[Opening INPUT MATERIAL section]

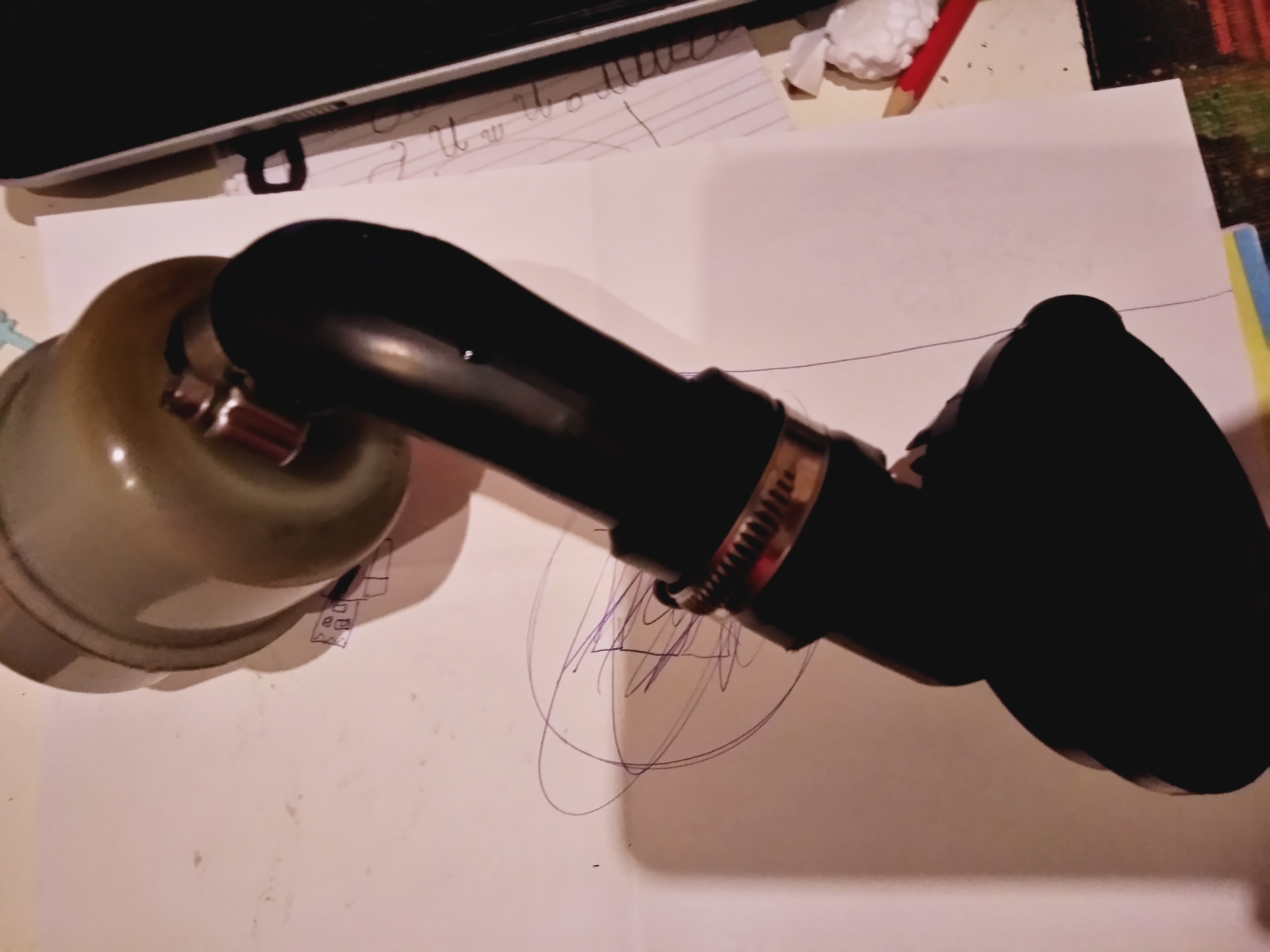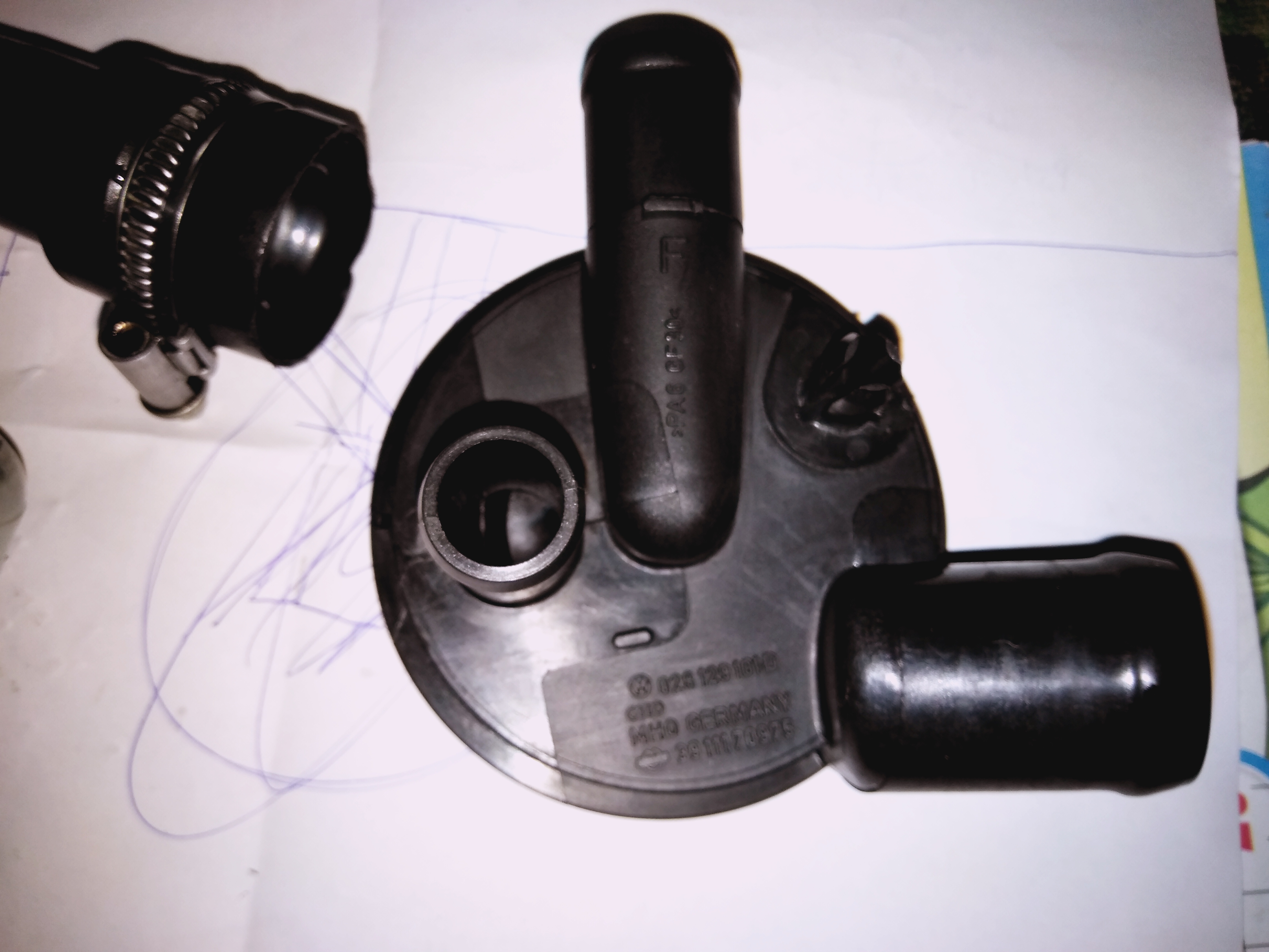 На втората се виждат и трите щуцера. Този, на дъното се забива през гумено съединение в капака на клапаните. В по-дебелия влиза тръбата от ниската част на двигателя / картера. По-тънкия влиза в дебелата тръба /въздуховода след въздушния филтър на двигателя. Та, коя запушвам и в коя смуча?
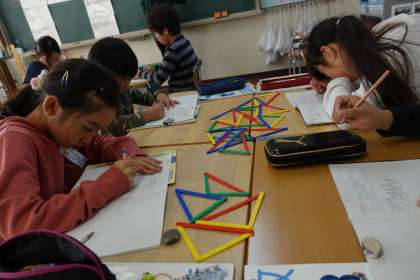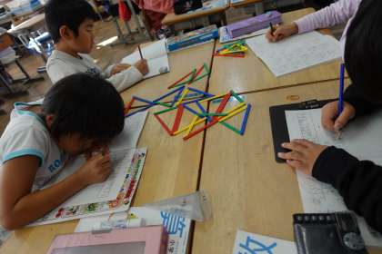 算数の授業中です。三角形について学んでいます。
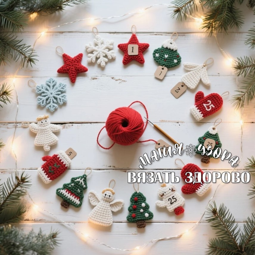 Рекомендую создавать календарь на весь декабрь — с 1 по 31 число, где каждый день вы вяжете небольшой проект крючком. Это может быть ёлочная игрушка, украшение, элемент декора или подарок близким. 💫
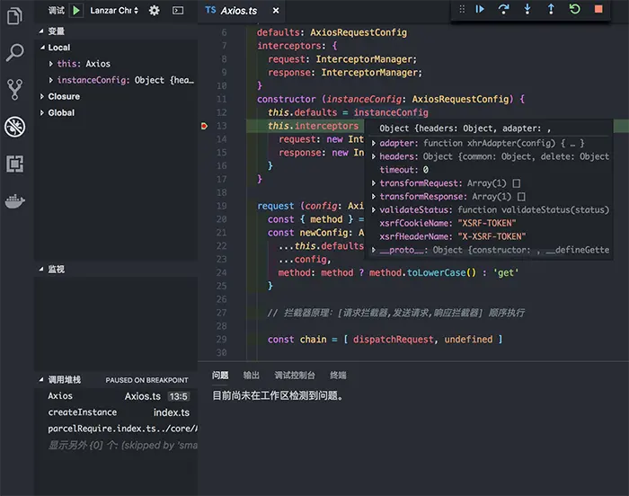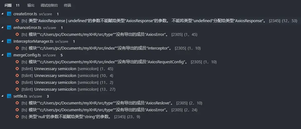 另外可以通过,vscode 的 控制面板中的问题 tab 迅速查看当前项目问题所在。
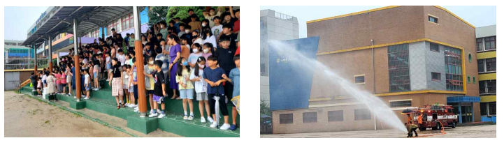 서울영풍초등학교(교장 민경일)에서는 7월 14일(금)에는 거여119안전센터와 함께하는 소방합동훈련이 있었습니다. 훈련은 화재 발생 시 신속한 119 신고와 인명 대피 훈련, 화재 예방을 위한 소방안전교육, 생활안전사고 예방 교육 등 실생활에서 일어날 수 있는 화재에 대한 예방과 대처 능력을 키우기 위한 내용들로 진행되었습니다. 이날은 특히 거여119안전센터에서 소방관님들께서 본교에 방문하시어 훈련 과정을 함께해 주셨습니다. 덕분에 학생들은 화재 진압용 소방호스의 작동 과정도 직접 눈으로 확인할 수 있어 특별했고, 보다 생생한 분위기에서 대피 훈련을 할 수 있는 유익한 시간이었다고 합니다.

[Closing INPUT MATERIAL section]

*YOUR ASSIGNMENT:* Pictures should not appear in the copy. Write out exactly the lines above from the first one through the line that contains "算数の授業中です。三角形について学んでいます。".

*THE ANSWER:*
 На втората се виждат и трите щуцера. Този, на дъното се забива през гумено съединение в капака на клапаните. В по-дебелия влиза тръбата от ниската част на двигателя / картера. По-тънкия влиза в дебелата тръба /въздуховода след въздушния филтър на двигателя. Та, коя запушвам и в коя смуча?
 算数の授業中です。三角形について学んでいます。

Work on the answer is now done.